In VictorOps / Splunk On-Call parlance, business hours oncall is implemented as an "Escalation Policy".
The Batphone is also an "Escalation Policy", and, one escalation policy can trigger another policy if alert(s) go un-acked for a certain interval of time.
This is all fine and good, however the docs state:
Note: If there is no on-call user scheduled in a rotation at the time when this escalation action is triggered, the resulting behavior is that no page will occur in this step. The time delay before the next step will remain as configured. For example, if an incident triggers an Escalation Policy during off-hours and there is no one on call in the rotation to immediately page, the escalation policy will page no one and then wait however long is specified before executing step two.
The VictorOps entity that provides "glue" between an incoming alert and the appropriate Escalation Policy is known as a "Routing Key".
Currently we have a few relevant ones: icinga, netops, sre-batphone, and the default (fall-through).
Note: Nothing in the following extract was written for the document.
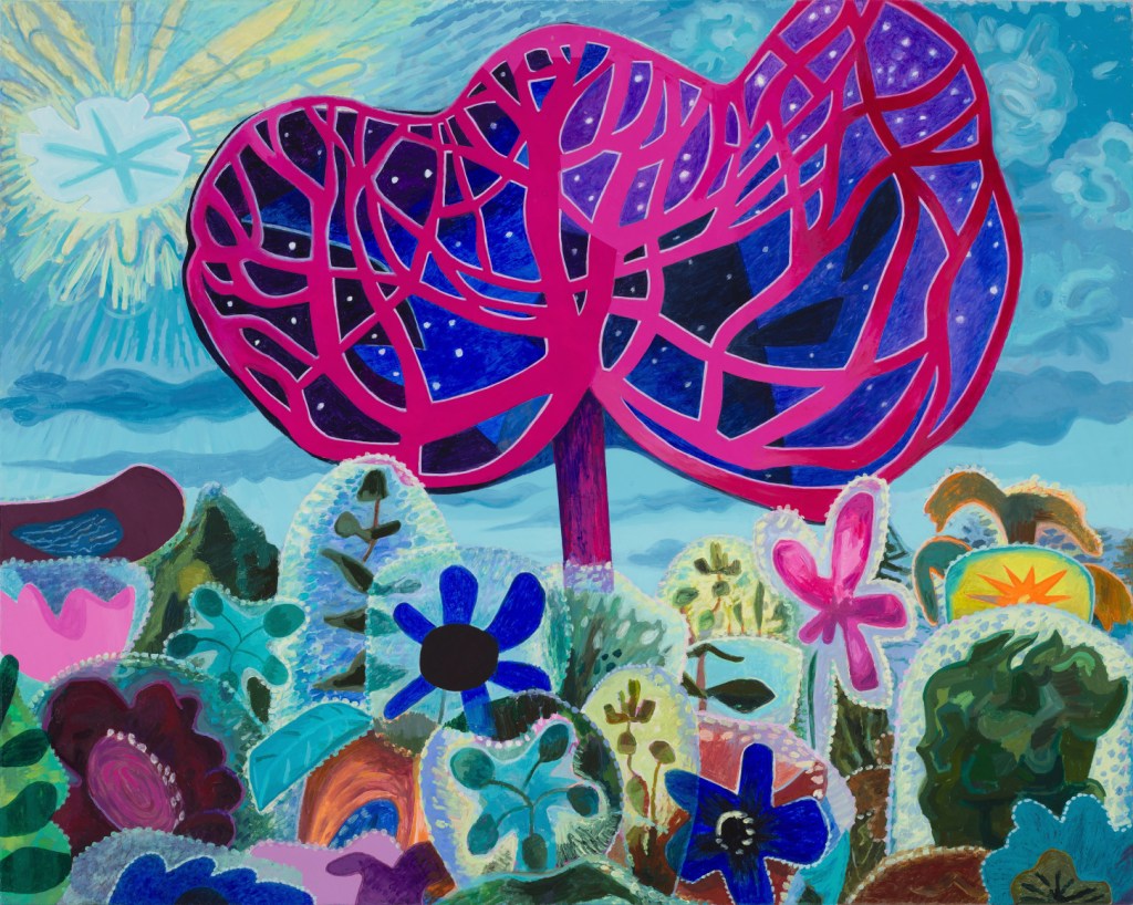 In the paintings, Carson favors a technicolor palette and a style that nods to a 1960s Disney-esque childhood. Teeming landscapes, mutant and fecund, are blossoming perpetually in a neon season of raucous retro-futurism. There’s an urgency to this work, a vivid, original language that has evolved from a variety of sources. Carson studied in Chicago in the 1970s and her time there seems formative. She cites Elizabeth Murray as an influence, and the high contrasts, patterns, and funky surrealism of Chicago Imagism also comes to mind. Mark Rothko’s surrealist work, Cubist collage, Charles Burchfield’s visionary landscapes, plus the experience of creating her own renowned garden have all been revelatory for her.

All four are set to trigger the SRE Business Hours escalation policy.
So therefore, when that policy is empty, alerts are delayed by 5 minutes.
In the interests of expediency I recommend working around this ourselves.
We already have code that can check the membership of the current business hours rotation -- it was committed to Klaxon last week.
This code is already installed and configured and running on role::alerting_host hosts.
We could create a new routing key, direct-batphone, that would page the batphone escalation policy directly, skipping business hours.
Then, it would be trivial to poll this VO API once a minute, and (say) write out a file to disk somewhere with the current Routing Key to be used -- the usual value if there are business hours oncallers, or instead force-batphone if there are not.